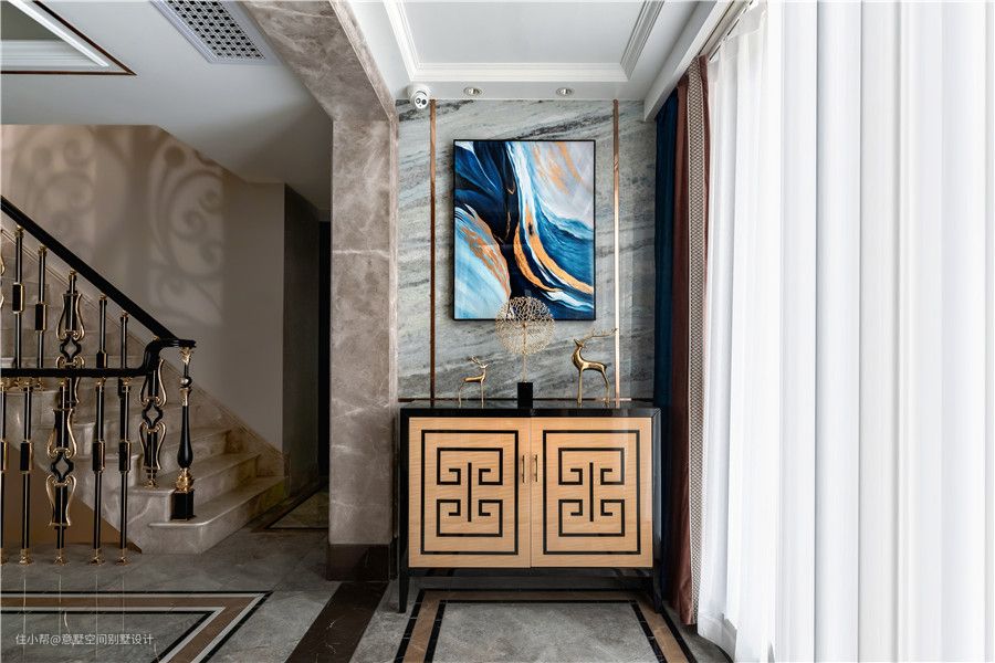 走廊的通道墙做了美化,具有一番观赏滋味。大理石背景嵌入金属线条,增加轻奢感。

...

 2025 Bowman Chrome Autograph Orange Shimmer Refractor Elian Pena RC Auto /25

--

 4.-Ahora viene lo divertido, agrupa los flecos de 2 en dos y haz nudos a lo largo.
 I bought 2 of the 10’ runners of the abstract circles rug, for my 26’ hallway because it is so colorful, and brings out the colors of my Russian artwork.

> **Task item**
Send back an exact copy of only the lines from the line with "4.-Ahora viene lo" up to and including the line with "I bought 2 of" in the data above.

> **Problem solution**
 4.-Ahora viene lo divertido, agrupa los flecos de 2 en dos y haz nudos a lo largo.
 I bought 2 of the 10’ runners of the abstract circles rug, for my 26’ hallway because it is so colorful, and brings out the colors of my Russian artwork.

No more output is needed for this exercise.